* _Task details_: Would you please set down, word for word, the lines from the one with "ručně modelovaný šperk" through the final line of the data below, omitting any pictures?

─── Records for this task

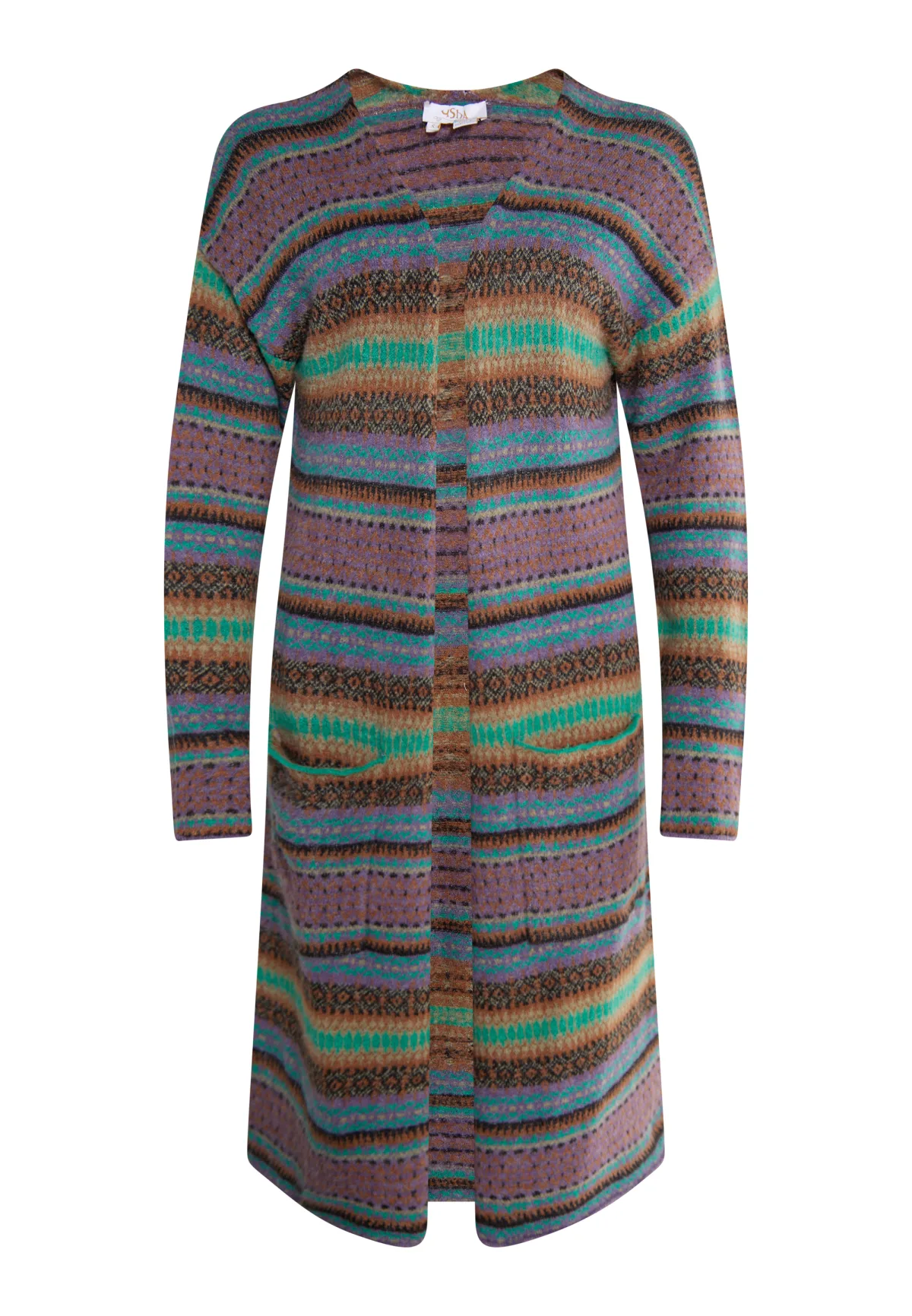Het lange vest van usha FESTIVAL heeft een kleurrijk Fair Isle intarsia-patroon. Het slanke, lange model is gemaakt van een zachte garenmix, terwijl de losse, open pasvorm perfect werkt zonder sluiting. Met zijn herfstkleurencombinaties vormt hij een ideale aanvulling op je jeanskleding. Gebreid vest
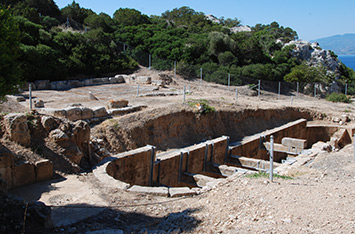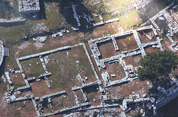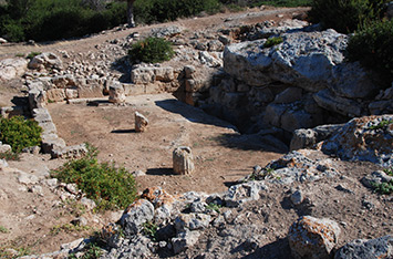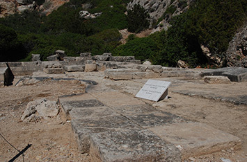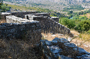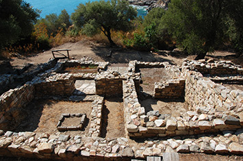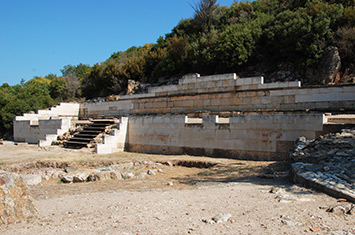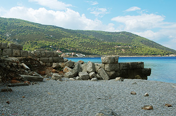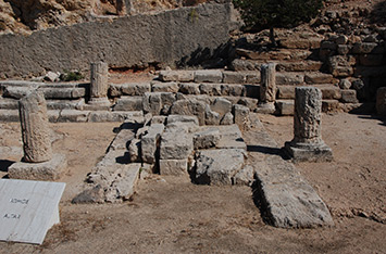 Les plus intéressants sont les vestiges, en grande partie préservés, d’un hôtel de ville nommé Katagogion. Il était construit sur un plan carré, sur deux étages, possédait 17 chambres autour d'une cour entourée de portiques soutenus par des colonnes à 8 côtés. Derrière l'hôtel, une grande rue pavée mène à la partie supérieure de la ville. Il y avait aussi un théâtre, au-dessus de la ville, avec vue sur la mer, et un temple dédié à Aphrodite en dehors des murs - mal conservés aujourd'hui. |
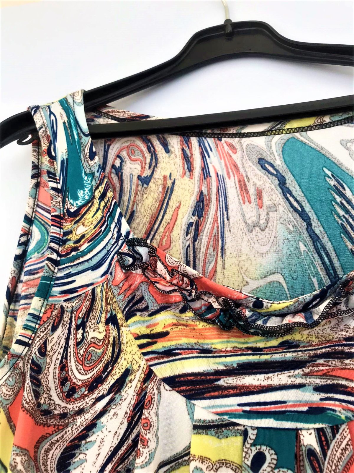 nádherné neznosené padavé letné šaty v špičkovej kvalite,oblečené na 1 príležitosť,materiál : syntetika - nekrčia sa,super na dovolenky,perfektne zoštíhľujú, top stav a kvalita,vpredu jemne nariasené - super aj pre tehotné....
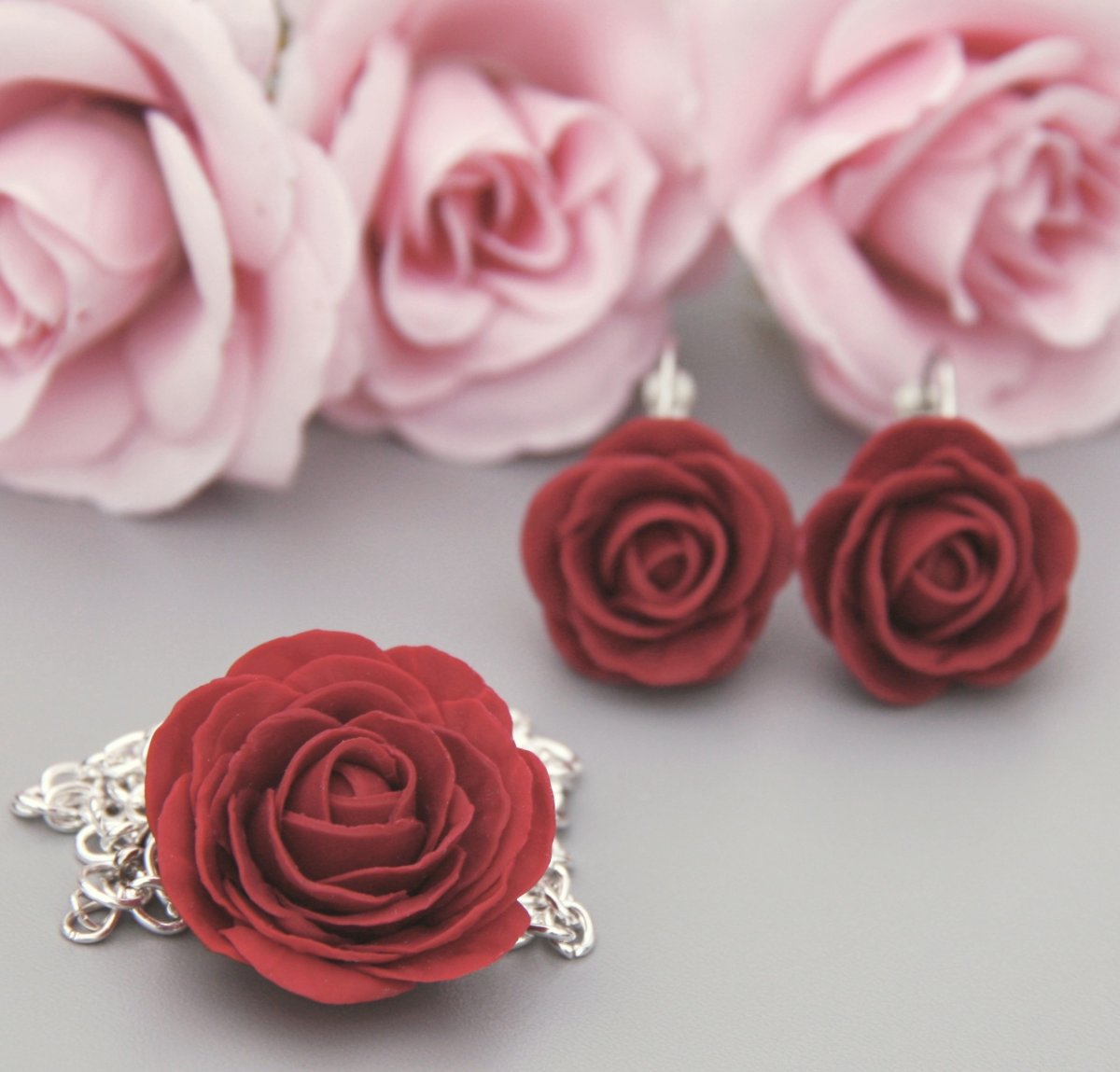 ručně modelovaný šperk z polymerové hmoty, barva červená bordó..špatně se fotí...velmi krásný třeba i dárkový set
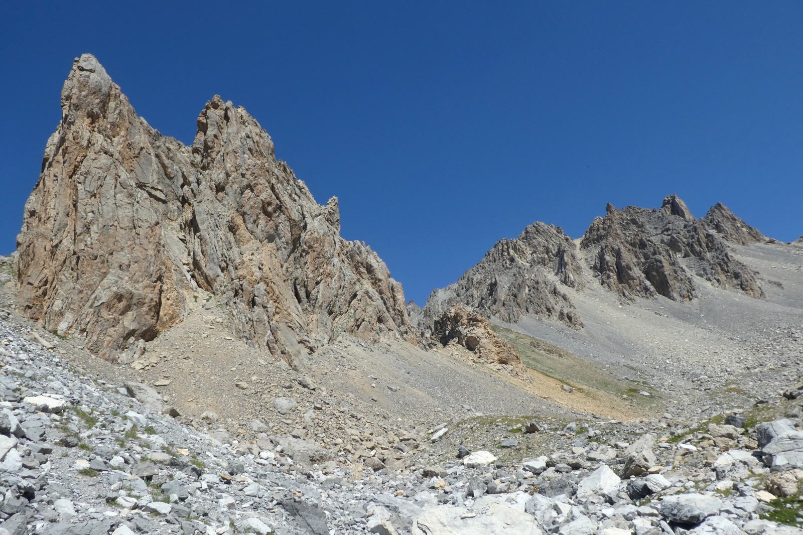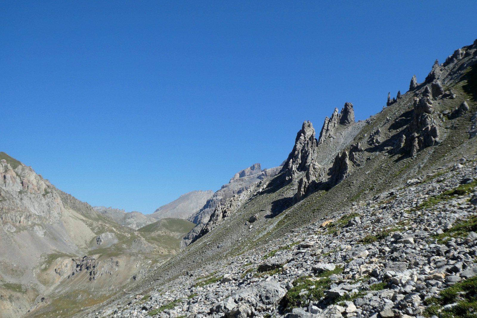 Ambiance minérale puis verdoyante autour des sommets de La Meyna et de la Tête de Viraysse.
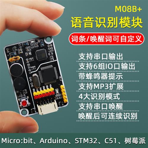 M08B+升级版语音识别模块 语音A交互 语音控制 声音传感器 AI启蒙热门设计联盟服务商
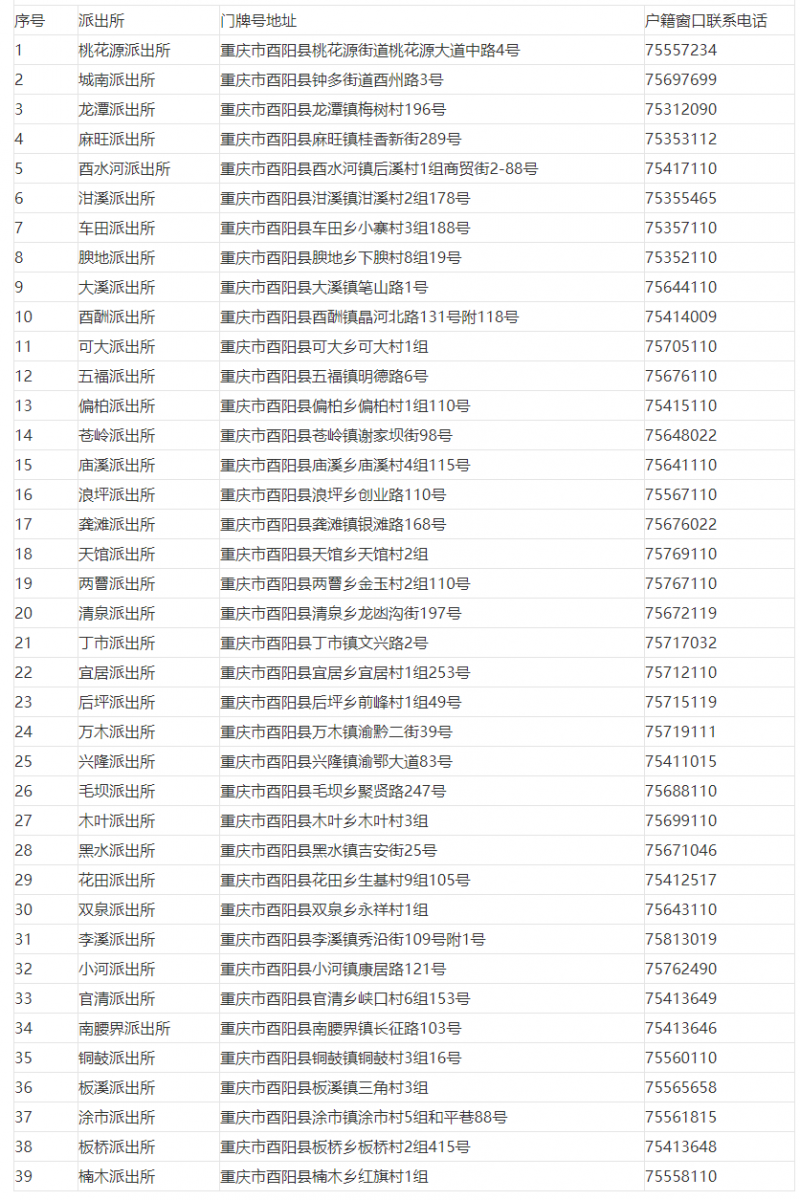 重庆市酉阳县辖区派出所户籍窗口联系电话和门牌号地址大全表:联系电话的区号为023.

──────

* _Written solution_:
 ručně modelovaný šperk z polymerové hmoty, barva červená bordó..špatně se fotí...velmi krásný třeba i dárkový set
 Ambiance minérale puis verdoyante autour des sommets de La Meyna et de la Tête de Viraysse.
 M08B+升级版语音识别模块 语音A交互 语音控制 声音传感器 AI启蒙热门设计联盟服务商
 重庆市酉阳县辖区派出所户籍窗口联系电话和门牌号地址大全表:联系电话的区号为023.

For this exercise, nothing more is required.